It is the spy who had been called upon to remedy the situation created by the deficiencies of ministers, diplomats, generals and priests.

Men's minds are shaped, of course, by their environment and we spies, although we have our professional mystique, do perhaps live closer to the realities and hard facts of international relations than other practitioners of government. We are relatively free of the problems of status, of precedence, departmental attitudes and evasions of personal responsibility, which create the official cast of mind . . . And so it is not surprising these days that the spy finds himself the main guardian of intellectual integrity.

(3) BBC News (13th September, 1919)

In the 1930s a number of young men at Cambridge University were recruited as Soviet spies. They became known by the KGB as the 'magnificent five' but were better known in Britain as the Cambridge spy ring.

They were not motivated by financial gain but by the belief that capitalism was corrupt and that the Soviet Union offered a better model for society.

The Cambridge spy ring was informally led by Harold 'Kim' Philby. He and his friends later moved into jobs in British Intelligence and the Foreign Office where they had access to top secret information. They spent their working lives passing valuable information to the Soviet Union.

(4) Hugh Trevor-Roper, The Philby Affair (1968)

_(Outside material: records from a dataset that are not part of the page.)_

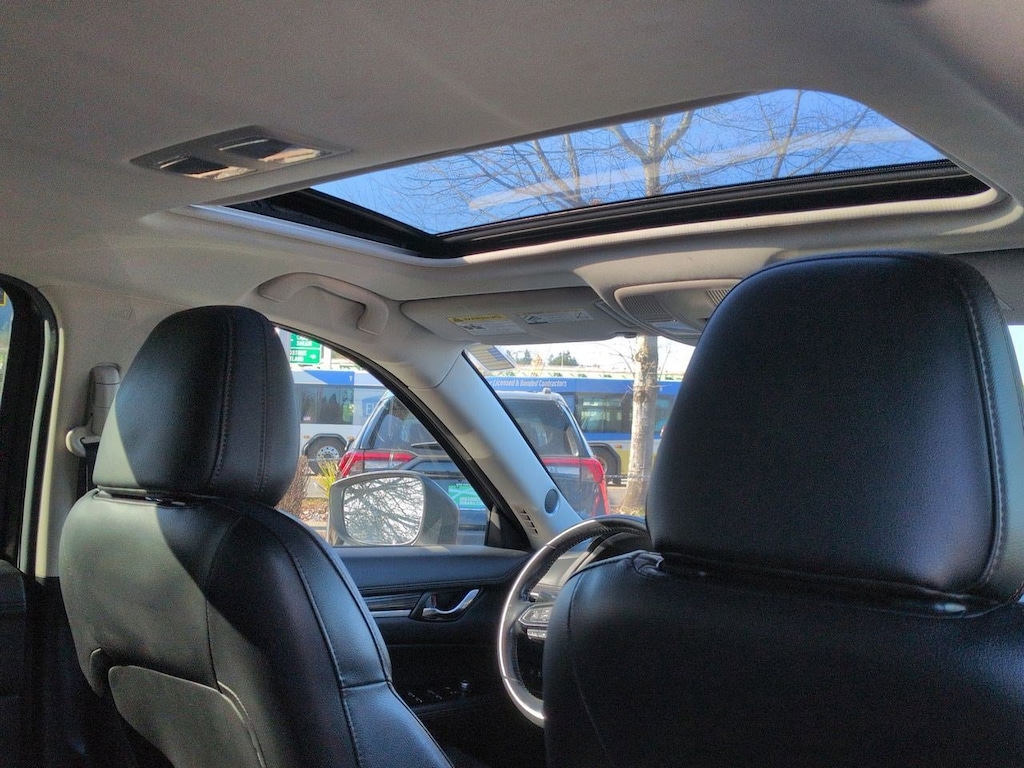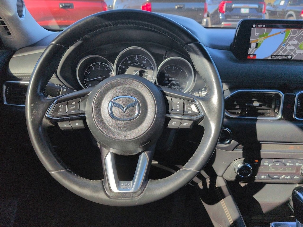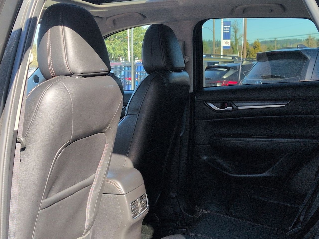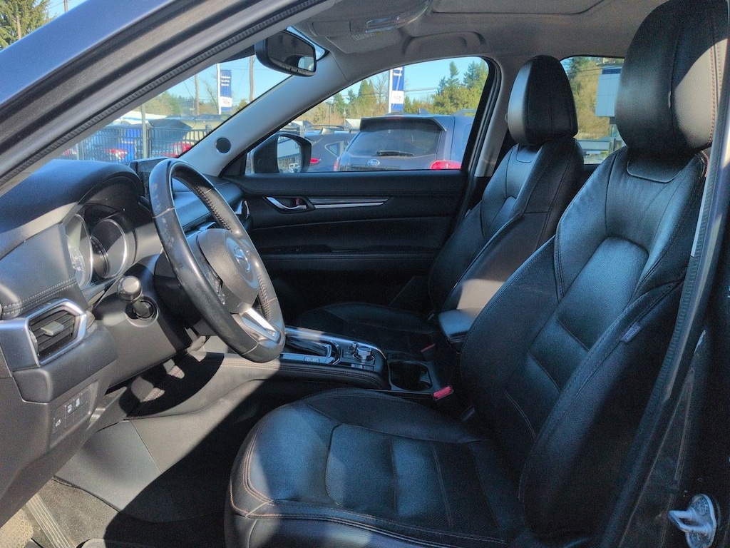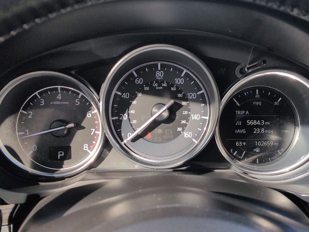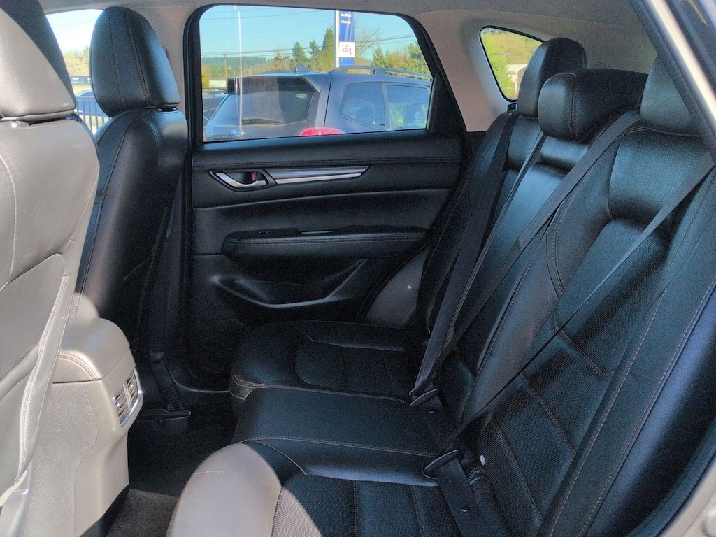 10 Speakers, 19 x 7J Aluminum Alloy Wheels, 4-Wheel Disc Brakes, 4.624 Axle Ratio, ABS brakes, Air Conditioning, Alloy wheels, AM/FM radio: SiriusXM, Auto High-beam Headlights, Auto-dimming Rear-View mirror, Automatic temperature control, Bose 10-Speaker Audio Sound System, Brake assist, Bumpers: body-color, Delay-off headlights, Driver door bin, Driver vanity mirror, Dual front impact airbags, Dual front side impact airbags, Electronic Stability Control, Emergency communication system, Exterior Parking Camera Rear, Four wheel independent suspension, Front anti-roll bar, Front Bucket Seats, Front Center Armrest, Front dual zone A/C, Front fog lights, Front reading lights, Fully automatic headlights, Garage door transmitter: HomeLink, Heated door mirrors, Heated front seats, Heated Front Sport Shape Seats, Illuminated entry, Leather Seat Trim, Leather Shift Knob, Low tire pressure warning, Machine Gray Metallic Paint, Mazda Navigation System, Memory seat, Navigation System, Occupant sensing airbag, Outside temperature display, Overhead airbag, Overhead console, Panic alarm, Passenger door bin, Passenger vanity mirror, Power door mirrors, Power driver seat, Power Liftgate, Power moonroof, Power passenger seat, Power steering, Power windows, Radio data system, Radio: AM/FM/HD Audio System, Rain sensing wipers, Rear anti-roll bar, Rear reading lights, Rear seat center armrest, Rear window defroster, Rear window wiper, Remote keyless entry, Speed control, Speed-sensing steering, Split folding rear seat, Spoiler, Steering wheel mounted audio controls, Tachometer, Telescoping steering wheel, Tilt steering wheel, Traction control, Trip computer, Turn signal indicator mirrors, Variably intermittent wipers. Machine Gray Metallic 2018 Mazda CX-5 Grand Touring AWD 6-Speed Automatic SKYACTIVî 2.5L 4-Cylinder DOHC 16V
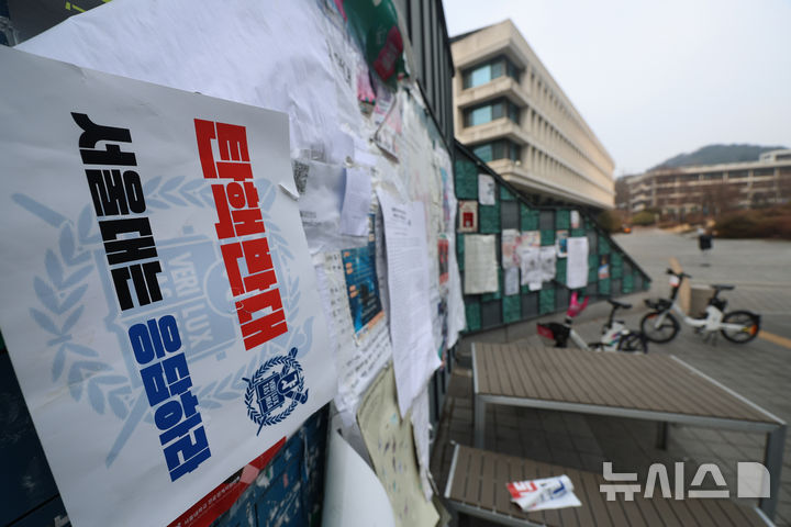 [서울=뉴시스] 김명년 기자 = 16일 오후 서울 관악구 서울대학교 중앙도서관 앞 게시판에 윤석열 대통령에 대한 탄핵 찬성 및 반대 대자보가 게시돼 있다. 2025.02.16. [email protected]
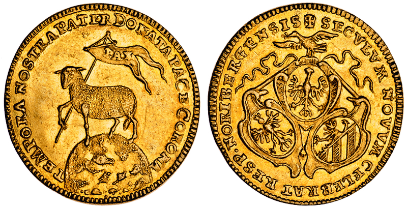 Germany, Nürnberg, Lamb Ducat, undated (c.1700 - MDCC in chronogram), 3.47g, Paschal Lamb, rev. three shields (F.1885; Kellner 71), good very fine
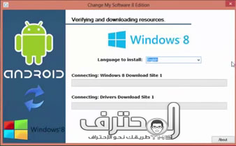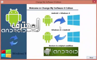 قم بربط هاتفك بحاسوبك باستعمال وصلة usb و افتح برنامج Change My software اختر Android ثم Windows 8 كما في الصورة:
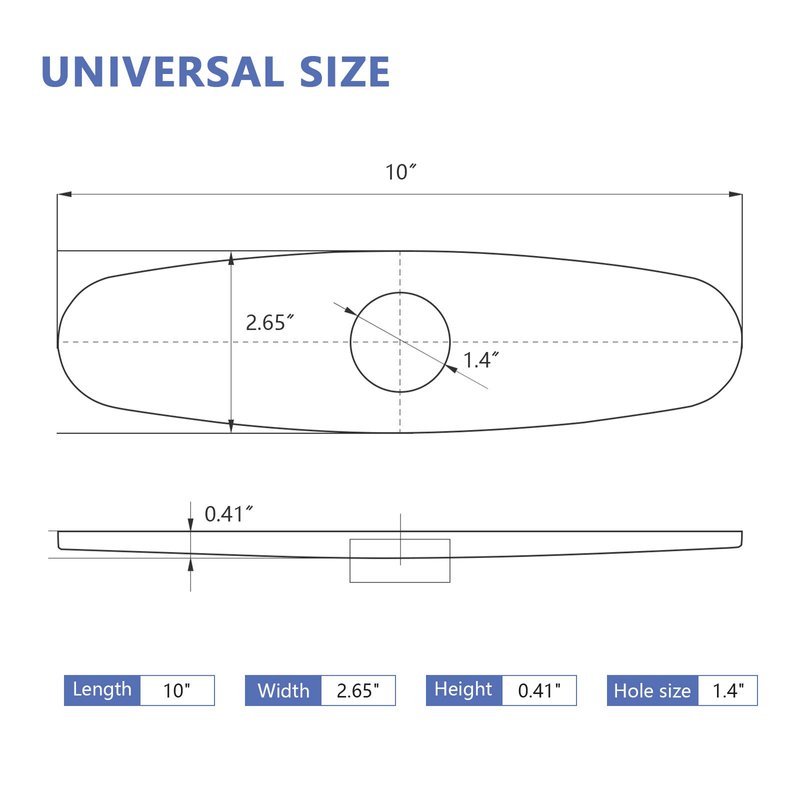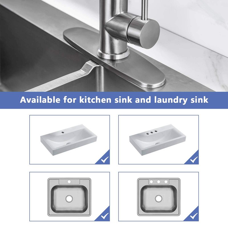 - Universal Size for Perfect match- Standard 10 inch escutcheon plate can perfectly fit almost all single hole faucets, allows single hole laundry or kitchen faucet to be installed on 2 or 3 hole kitchen sink.
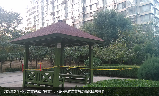 記者在調(diào)查中還發(fā)現(xiàn)了位于小區(qū)中心廣場的一處涼亭,周邊被圍上了一圈警戒帶。有居民告訴記者,這個(gè)涼亭因?yàn)槟昃檬蓿F(xiàn)已成了“危亭”,需要及時(shí)翻新或是重建,目前物業(yè)只是將亭子與居民活動(dòng)區(qū)隔離開來,并沒有進(jìn)一步的修整動(dòng)作。
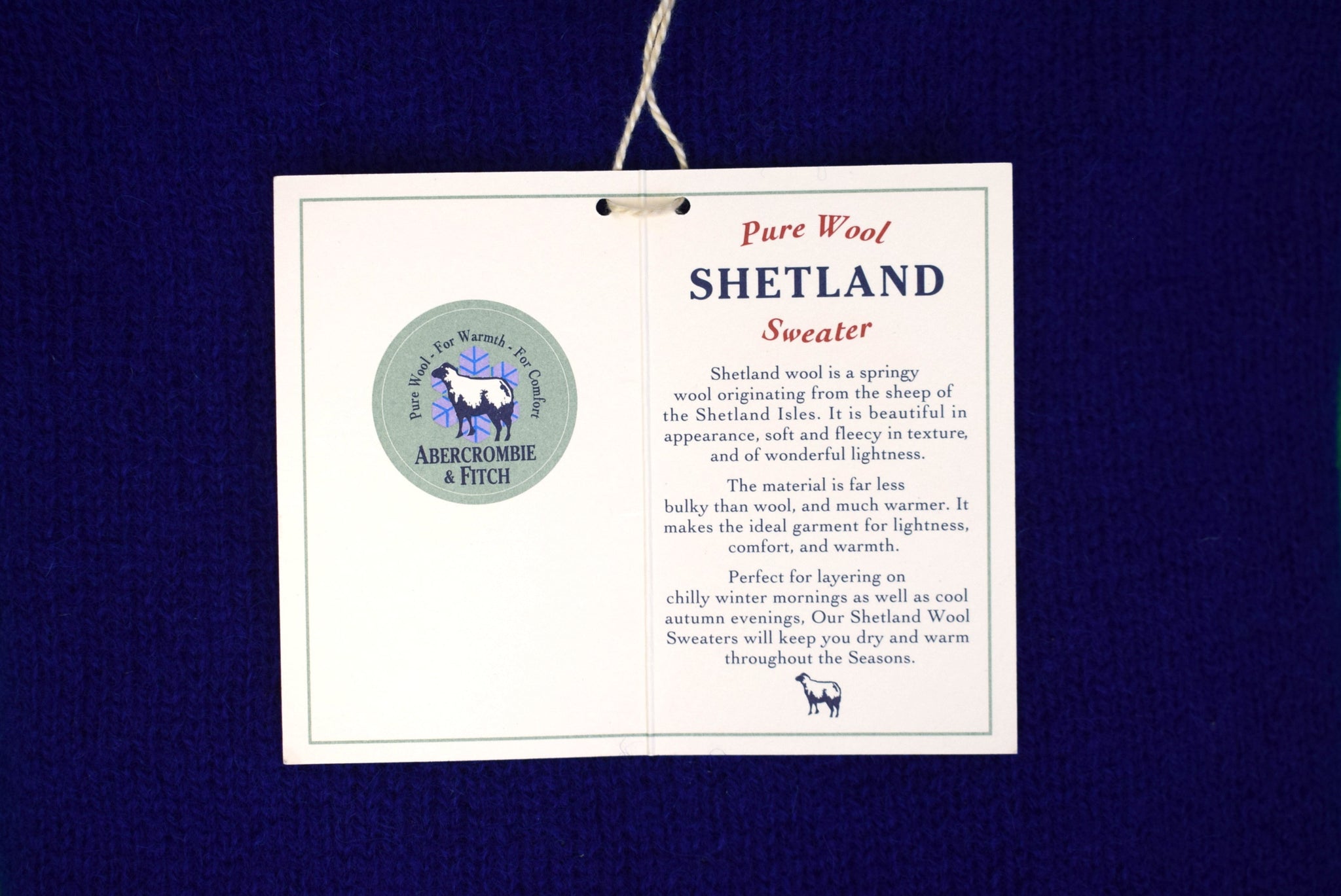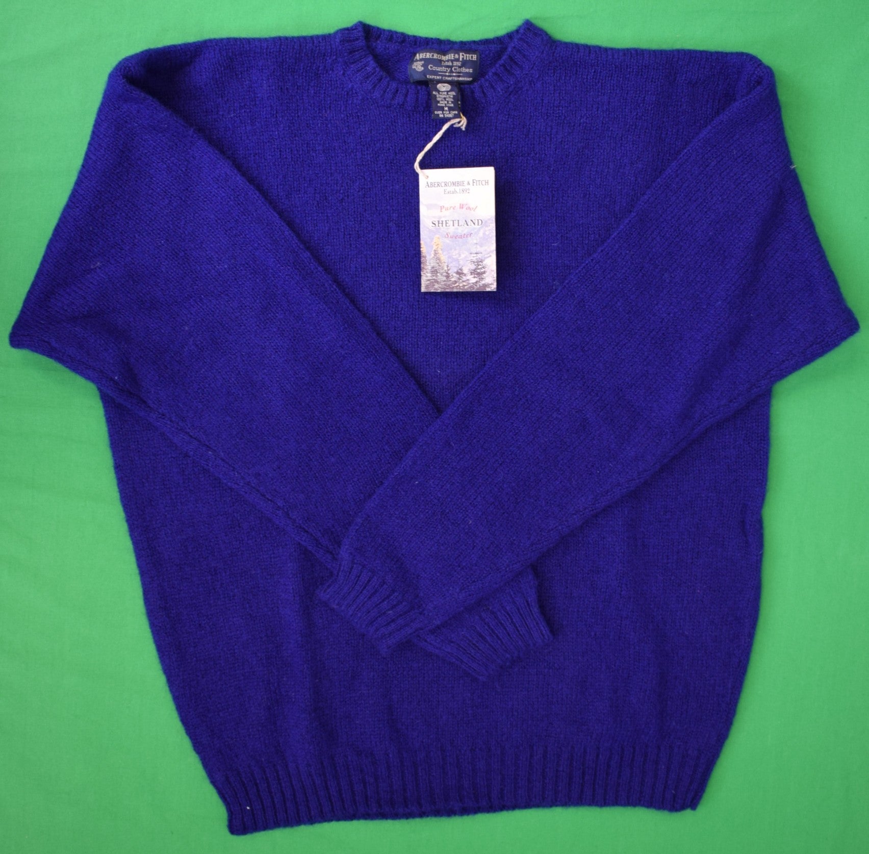 Abercrombie & Fitch Royal Blue Shetland Wool Crew Neck Sweater Sz M (NWT)
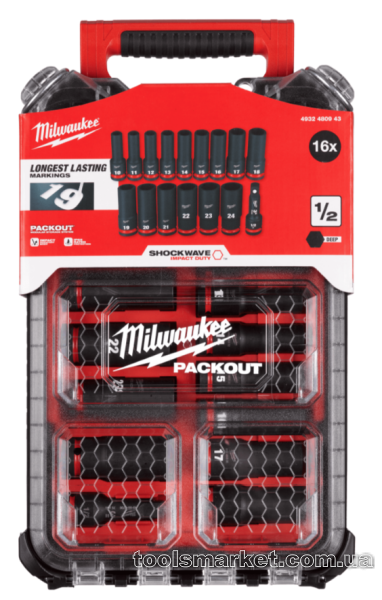 Набір ударних насадок 1/2 SHOCKWAVE 16 предметів з органайзером PACKOUT

As an undergraduate at Oxford I had heard admiring accounts of him from a friend who often travelled with him in vacations. And, sure enough, while we were still waiting for Philby, my old Oxford friend himself appeared in Section Five as a herald of the coming Messiah. I admit that Philby's appointment astonished me at the time, for my old Oxford friend had told me, years before, that his travelling companion was a Communist. By now, of course, I assumed that he was an ex-Communist, but even so I was surprised, for no one was more fanatically anti-Communist, at that time, than the regular members of the two security services, MI6 and MI5. And of all the anti-Communists, none seemed more resolute than the ex-Indian policemen, like Colonel Vivian and Major Cowgill, whose earlier years had been spent in waging war on 'subversion' in the irritant climate of the Far East. That these men should have suspended their deepest convictions in favour of the ex-Communist, Philby, was indeed remarkable. Since it never occurred to me that they could be ignorant of the facts (which were widely known), I assumed that Philby had particular virtues which made him, in their eyes, indispensable. I hasten to add that, although I myself knew of Philby's Communist past, it would never have occurred to me, at that time, to hold it against him. My own view, like that of most of my contemporaries, was that our superiors were lunatic in their anti-Communism. We were therefore pleased that at least one ex-Communist should have broken through the net and that the social prejudices of our superiors had, on this one occasion, triumphed over their political prejudices.

(5) Margaret Thatcher, statement in the House of Commons (November 1979)

It was considered important to gain Blunt's cooperation in the continuing investigations by the security authorities, following the defections of Burgess, Maclean and Philby, into Soviet penetration of the security and intelligence services and other public services during and after the war. Accordingly the Attorney-General authorized the offer of immunity to Blunt if he confessed. The Queen's Private Secretary was informed both of Blunt's confession and of the immunity from prosecution, on the basis of which it had been made. Blunt was not required to resign his appointment in the Royal Household, which was unpaid. It carried with it no access to classified information and no risk to security and the security authorities thought it desirable not to put at risk his cooperation.

(6) Chapman Pincher, Their Trade is Treachery (1981)

Much of the effort made by Macmillan and his government to blanket the horrific details of Blake's treachery was to conceal from the British public the inefficiency which had allowed such a spy to operate for so long inside the Secret Service. The main objective, however, was to conceal the facts from the US Congress, after the Fuchs and Maclean cases had already done so much damage to the reputation of Britain as a safe ally with whom to share secrets.